- ACTION ITEM:
The entries below should be transcribed in their entirety, exactly as written.

- WORKING DATA:
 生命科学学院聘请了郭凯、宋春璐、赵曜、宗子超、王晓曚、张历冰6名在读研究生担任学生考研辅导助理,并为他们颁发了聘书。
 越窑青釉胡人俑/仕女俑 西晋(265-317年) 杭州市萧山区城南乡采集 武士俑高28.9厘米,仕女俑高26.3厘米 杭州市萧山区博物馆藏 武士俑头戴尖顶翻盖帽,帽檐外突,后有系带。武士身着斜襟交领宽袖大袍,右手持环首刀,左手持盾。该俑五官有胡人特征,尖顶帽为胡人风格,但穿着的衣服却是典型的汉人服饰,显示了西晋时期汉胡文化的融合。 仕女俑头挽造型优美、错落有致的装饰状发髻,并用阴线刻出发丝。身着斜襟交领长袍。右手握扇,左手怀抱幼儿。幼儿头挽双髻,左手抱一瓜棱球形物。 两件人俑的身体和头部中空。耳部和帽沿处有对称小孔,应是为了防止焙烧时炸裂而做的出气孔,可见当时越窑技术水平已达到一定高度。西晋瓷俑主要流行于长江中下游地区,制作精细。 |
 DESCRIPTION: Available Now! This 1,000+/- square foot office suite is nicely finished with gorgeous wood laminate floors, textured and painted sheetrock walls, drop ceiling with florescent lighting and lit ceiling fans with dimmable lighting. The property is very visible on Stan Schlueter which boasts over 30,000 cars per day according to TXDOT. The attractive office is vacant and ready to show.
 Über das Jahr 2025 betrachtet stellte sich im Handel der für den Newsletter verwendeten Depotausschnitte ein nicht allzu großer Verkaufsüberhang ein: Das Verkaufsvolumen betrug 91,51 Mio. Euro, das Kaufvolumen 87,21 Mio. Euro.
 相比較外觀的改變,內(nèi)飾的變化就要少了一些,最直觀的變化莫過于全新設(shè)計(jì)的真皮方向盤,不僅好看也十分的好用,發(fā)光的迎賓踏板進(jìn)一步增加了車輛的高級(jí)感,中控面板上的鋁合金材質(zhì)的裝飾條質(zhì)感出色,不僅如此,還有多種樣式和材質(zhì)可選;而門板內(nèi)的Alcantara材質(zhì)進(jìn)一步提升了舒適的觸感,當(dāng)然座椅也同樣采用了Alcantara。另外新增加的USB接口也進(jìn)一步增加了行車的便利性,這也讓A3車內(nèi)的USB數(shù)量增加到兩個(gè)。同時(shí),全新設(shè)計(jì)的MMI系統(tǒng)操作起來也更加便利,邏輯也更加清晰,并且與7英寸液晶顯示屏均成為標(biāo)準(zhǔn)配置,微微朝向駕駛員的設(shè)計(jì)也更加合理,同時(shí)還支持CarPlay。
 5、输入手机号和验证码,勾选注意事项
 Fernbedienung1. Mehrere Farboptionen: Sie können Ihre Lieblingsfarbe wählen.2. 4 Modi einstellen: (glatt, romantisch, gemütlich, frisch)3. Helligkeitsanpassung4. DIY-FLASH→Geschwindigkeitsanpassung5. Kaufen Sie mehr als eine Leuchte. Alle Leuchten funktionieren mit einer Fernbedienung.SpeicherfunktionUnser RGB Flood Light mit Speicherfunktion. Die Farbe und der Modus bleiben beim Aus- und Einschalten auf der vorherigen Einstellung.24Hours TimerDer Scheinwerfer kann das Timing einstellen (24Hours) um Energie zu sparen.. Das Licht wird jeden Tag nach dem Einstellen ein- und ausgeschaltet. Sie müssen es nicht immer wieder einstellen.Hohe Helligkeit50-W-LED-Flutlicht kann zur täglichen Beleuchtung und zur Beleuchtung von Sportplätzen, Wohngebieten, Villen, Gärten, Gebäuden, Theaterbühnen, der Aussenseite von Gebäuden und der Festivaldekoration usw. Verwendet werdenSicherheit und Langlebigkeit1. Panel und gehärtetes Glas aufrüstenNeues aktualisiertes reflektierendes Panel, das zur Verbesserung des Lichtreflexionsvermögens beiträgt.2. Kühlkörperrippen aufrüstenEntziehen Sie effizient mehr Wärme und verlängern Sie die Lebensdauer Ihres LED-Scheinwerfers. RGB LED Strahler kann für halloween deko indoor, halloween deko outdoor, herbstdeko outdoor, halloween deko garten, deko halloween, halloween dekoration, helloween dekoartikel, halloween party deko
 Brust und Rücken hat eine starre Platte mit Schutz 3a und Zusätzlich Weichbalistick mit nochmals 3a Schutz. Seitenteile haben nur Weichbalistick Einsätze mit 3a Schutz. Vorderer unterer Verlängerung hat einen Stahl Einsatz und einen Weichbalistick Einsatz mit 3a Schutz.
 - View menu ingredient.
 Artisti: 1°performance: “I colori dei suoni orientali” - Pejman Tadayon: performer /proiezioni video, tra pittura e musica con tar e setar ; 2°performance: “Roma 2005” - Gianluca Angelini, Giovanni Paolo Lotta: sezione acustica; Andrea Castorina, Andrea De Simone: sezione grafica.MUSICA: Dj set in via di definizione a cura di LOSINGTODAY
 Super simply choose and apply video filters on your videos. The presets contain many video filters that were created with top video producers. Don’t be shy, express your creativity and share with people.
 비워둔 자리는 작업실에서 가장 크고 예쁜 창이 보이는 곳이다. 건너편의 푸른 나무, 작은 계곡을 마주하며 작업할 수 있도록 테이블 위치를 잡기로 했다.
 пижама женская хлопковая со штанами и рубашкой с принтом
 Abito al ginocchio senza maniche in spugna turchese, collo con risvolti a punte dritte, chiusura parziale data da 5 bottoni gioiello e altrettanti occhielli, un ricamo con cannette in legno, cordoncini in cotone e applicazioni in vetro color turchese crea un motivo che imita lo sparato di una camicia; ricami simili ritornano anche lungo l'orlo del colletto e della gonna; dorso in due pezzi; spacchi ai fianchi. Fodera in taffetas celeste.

- EXPECTED OUTPUT:
 生命科学学院聘请了郭凯、宋春璐、赵曜、宗子超、王晓曚、张历冰6名在读研究生担任学生考研辅导助理,并为他们颁发了聘书。
 越窑青釉胡人俑/仕女俑 西晋(265-317年) 杭州市萧山区城南乡采集 武士俑高28.9厘米,仕女俑高26.3厘米 杭州市萧山区博物馆藏 武士俑头戴尖顶翻盖帽,帽檐外突,后有系带。武士身着斜襟交领宽袖大袍,右手持环首刀,左手持盾。该俑五官有胡人特征,尖顶帽为胡人风格,但穿着的衣服却是典型的汉人服饰,显示了西晋时期汉胡文化的融合。 仕女俑头挽造型优美、错落有致的装饰状发髻,并用阴线刻出发丝。身着斜襟交领长袍。右手握扇,左手怀抱幼儿。幼儿头挽双髻,左手抱一瓜棱球形物。 两件人俑的身体和头部中空。耳部和帽沿处有对称小孔,应是为了防止焙烧时炸裂而做的出气孔,可见当时越窑技术水平已达到一定高度。西晋瓷俑主要流行于长江中下游地区,制作精细。 |
 DESCRIPTION: Available Now! This 1,000+/- square foot office suite is nicely finished with gorgeous wood laminate floors, textured and painted sheetrock walls, drop ceiling with florescent lighting and lit ceiling fans with dimmable lighting. The property is very visible on Stan Schlueter which boasts over 30,000 cars per day according to TXDOT. The attractive office is vacant and ready to show.
 Über das Jahr 2025 betrachtet stellte sich im Handel der für den Newsletter verwendeten Depotausschnitte ein nicht allzu großer Verkaufsüberhang ein: Das Verkaufsvolumen betrug 91,51 Mio. Euro, das Kaufvolumen 87,21 Mio. Euro.
 相比較外觀的改變,內(nèi)飾的變化就要少了一些,最直觀的變化莫過于全新設(shè)計(jì)的真皮方向盤,不僅好看也十分的好用,發(fā)光的迎賓踏板進(jìn)一步增加了車輛的高級(jí)感,中控面板上的鋁合金材質(zhì)的裝飾條質(zhì)感出色,不僅如此,還有多種樣式和材質(zhì)可選;而門板內(nèi)的Alcantara材質(zhì)進(jìn)一步提升了舒適的觸感,當(dāng)然座椅也同樣采用了Alcantara。另外新增加的USB接口也進(jìn)一步增加了行車的便利性,這也讓A3車內(nèi)的USB數(shù)量增加到兩個(gè)。同時(shí),全新設(shè)計(jì)的MMI系統(tǒng)操作起來也更加便利,邏輯也更加清晰,并且與7英寸液晶顯示屏均成為標(biāo)準(zhǔn)配置,微微朝向駕駛員的設(shè)計(jì)也更加合理,同時(shí)還支持CarPlay。
 5、输入手机号和验证码,勾选注意事项
 Fernbedienung1. Mehrere Farboptionen: Sie können Ihre Lieblingsfarbe wählen.2. 4 Modi einstellen: (glatt, romantisch, gemütlich, frisch)3. Helligkeitsanpassung4. DIY-FLASH→Geschwindigkeitsanpassung5. Kaufen Sie mehr als eine Leuchte. Alle Leuchten funktionieren mit einer Fernbedienung.SpeicherfunktionUnser RGB Flood Light mit Speicherfunktion. Die Farbe und der Modus bleiben beim Aus- und Einschalten auf der vorherigen Einstellung.24Hours TimerDer Scheinwerfer kann das Timing einstellen (24Hours) um Energie zu sparen.. Das Licht wird jeden Tag nach dem Einstellen ein- und ausgeschaltet. Sie müssen es nicht immer wieder einstellen.Hohe Helligkeit50-W-LED-Flutlicht kann zur täglichen Beleuchtung und zur Beleuchtung von Sportplätzen, Wohngebieten, Villen, Gärten, Gebäuden, Theaterbühnen, der Aussenseite von Gebäuden und der Festivaldekoration usw. Verwendet werdenSicherheit und Langlebigkeit1. Panel und gehärtetes Glas aufrüstenNeues aktualisiertes reflektierendes Panel, das zur Verbesserung des Lichtreflexionsvermögens beiträgt.2. Kühlkörperrippen aufrüstenEntziehen Sie effizient mehr Wärme und verlängern Sie die Lebensdauer Ihres LED-Scheinwerfers. RGB LED Strahler kann für halloween deko indoor, halloween deko outdoor, herbstdeko outdoor, halloween deko garten, deko halloween, halloween dekoration, helloween dekoartikel, halloween party deko
 Brust und Rücken hat eine starre Platte mit Schutz 3a und Zusätzlich Weichbalistick mit nochmals 3a Schutz. Seitenteile haben nur Weichbalistick Einsätze mit 3a Schutz. Vorderer unterer Verlängerung hat einen Stahl Einsatz und einen Weichbalistick Einsatz mit 3a Schutz.
 - View menu ingredient.
 Artisti: 1°performance: “I colori dei suoni orientali” - Pejman Tadayon: performer /proiezioni video, tra pittura e musica con tar e setar ; 2°performance: “Roma 2005” - Gianluca Angelini, Giovanni Paolo Lotta: sezione acustica; Andrea Castorina, Andrea De Simone: sezione grafica.MUSICA: Dj set in via di definizione a cura di LOSINGTODAY
 Super simply choose and apply video filters on your videos. The presets contain many video filters that were created with top video producers. Don’t be shy, express your creativity and share with people.
 비워둔 자리는 작업실에서 가장 크고 예쁜 창이 보이는 곳이다. 건너편의 푸른 나무, 작은 계곡을 마주하며 작업할 수 있도록 테이블 위치를 잡기로 했다.
 пижама женская хлопковая со штанами и рубашкой с принтом
 Abito al ginocchio senza maniche in spugna turchese, collo con risvolti a punte dritte, chiusura parziale data da 5 bottoni gioiello e altrettanti occhielli, un ricamo con cannette in legno, cordoncini in cotone e applicazioni in vetro color turchese crea un motivo che imita lo sparato di una camicia; ricami simili ritornano anche lungo l'orlo del colletto e della gonna; dorso in due pezzi; spacchi ai fianchi. Fodera in taffetas celeste.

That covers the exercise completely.